Microsoft recently developed a large scale pre-trained model for symbolic music understanding called MusicBERT. Symbolic music understanding refers to understanding music from the symbolic data (for example, MIDI format). It covers many music applications such as emotion classification, genre classification, and music pieces matching.
For developing MusicBERT, Microsoft has used OctupleMIDI method, bar-level masking strategy, and a large scale symbolic music corpus of more than 1 million music tracks.
Sign up for your weekly dose of what's up in emerging technology.
OctupleMIDI is a novel music encoding method that encodes each note into a tuple with eight elements, representing the different aspects of the characteristics of a musical note, including instrument, tempo, bar, position, time signature, pitch, duration, and velocity.
Here are some of the advantages of OctupleMIDI:
- Reduces the length of a music sequence (4x shorter than REMI), thus easing the modelling of music sequences by Transformer considering that music sequences themselves are very long
- It is ‘note’ centric. Since each note contains the same eight tuple structure and covers adequate information to express various music genres, like time signature, long note duration, etc., OctupleMIDI is much easier.
- It is universal compared to previous encoding methods since each note contains the 8-tuple structure to express different music genres.
Different encoding methods for symbolic music understanding (Source: arXiv)
The authors of the study established that it was challenging to apply NLP directly to symbolic music because it differs greatly from natural text data. There are following challenges:
- Music songs are more structural and diverse, making it more difficult to encode as compared to natural language.
- Due to complicated encoding of symbolic music, there are higher chances of information leakage in pre-training
- The pre-training for music understanding is limited due to lack of large-scale symbolic music corpora
To remediate this, researchers Mingliang Zeng, Xu Tan, Rui Wang, Zeqian Ju, Tao Qin, and Tie-Yan Liu have developed MusicBERT, a large-scale pre-trained model with music encoding and masking strategy for music understanding. This model evaluates symbolic music understanding tasks, including melody completion, accompaniment suggestion, style classification and genre classification.
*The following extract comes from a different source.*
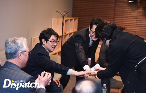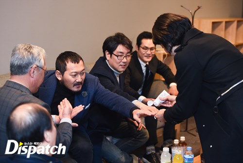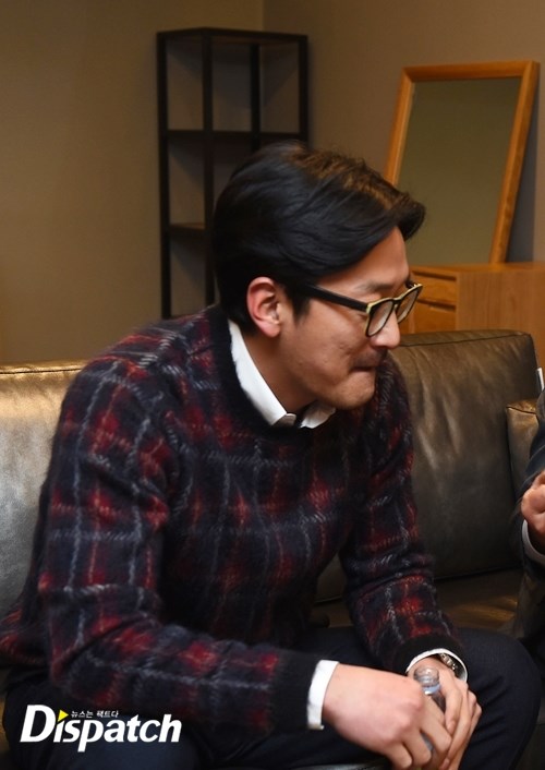 하정우가 인터뷰를 끝내고 자리로 돌아왔습니다. 그는 여전히 긴장중이었습니다. '허삼관'을 하면서 감독으로서, 배우로서 고민이 많았다고 합니다.

Besides OctupleMIDI, MusicBERT uses a bar-level masking strategy. The masking strategy in original BERT for NLP tasks randomly masks some tokens, causing information leakage in music pre-training. However, in the bar-level masking strategy used in MusicBERT, all the tokens of the same type (for example, time signature, instruments, pitch, etc.) are masked in a bar to avoid information leakage and for representational learning.
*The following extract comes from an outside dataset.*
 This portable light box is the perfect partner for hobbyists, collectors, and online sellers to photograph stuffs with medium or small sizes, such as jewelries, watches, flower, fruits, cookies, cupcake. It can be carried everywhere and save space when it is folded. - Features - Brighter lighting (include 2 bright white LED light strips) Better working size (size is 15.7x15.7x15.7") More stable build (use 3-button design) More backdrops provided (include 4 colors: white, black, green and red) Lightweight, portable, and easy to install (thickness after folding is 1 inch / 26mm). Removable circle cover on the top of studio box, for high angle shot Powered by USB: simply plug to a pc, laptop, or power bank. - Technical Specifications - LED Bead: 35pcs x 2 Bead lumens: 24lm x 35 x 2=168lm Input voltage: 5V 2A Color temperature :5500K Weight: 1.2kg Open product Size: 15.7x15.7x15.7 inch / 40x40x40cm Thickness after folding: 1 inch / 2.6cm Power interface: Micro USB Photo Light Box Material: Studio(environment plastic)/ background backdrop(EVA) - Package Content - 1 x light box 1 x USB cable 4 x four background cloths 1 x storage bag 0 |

In addition to this, MusicBERT also uses a large-scale and diverse symbolic music dataset, called the million MIDI dataset (MMD). It contains more than 1 million music songs, with different genres, including Rock, Classical, Rap, Electronic, Jazz, etc. It is one of the most extensive datasets in current literature — ten times larger than the previous largest dataset LMD in terms of the number of songs (148,403 songs and 535 million notes). MMD has about 1,524,557 songs and two billion notes. This dataset benefits representation learning for music understanding significantly.
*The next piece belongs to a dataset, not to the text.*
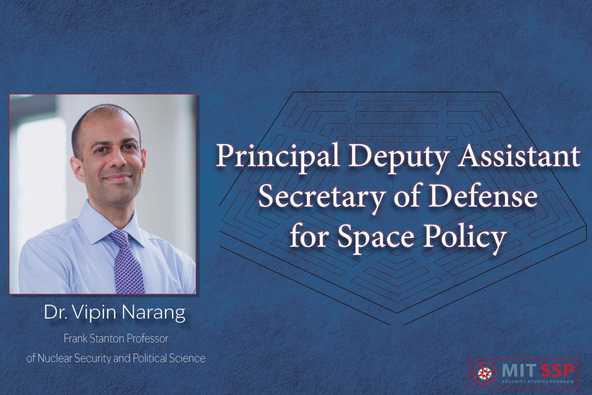 MIT Political Science and the MIT Security Studies Program are proud to announce that Vipin Narang, Frank Stanton Professor of Nuclear Security and Political Science, was sworn in as Principal Deputy Assistant Secretary of Defense for Space Policy on Monday, March 28, 2022.

Model structure of MusicBERT (Source: arXiv)
Further, the model is fine tuned on four tasks like melody completion, accompaniment suggestion, style classification and genre classification against a few baseline models such as melody2vec, tonnetz, pianoroll, PiRhDy and others. MusicBERT shows tremendous improvement for both small as well as baseline models.
The below table shows the results of MusicBERT versus other models.
MusicBERT achieves state-of-the-art performance on all four evaluated symbolic music understanding tasks. In the coming months, the team will attempt applying MusicBERT on other tasks such as structure analysis and chord recognition to boost the model’s performance.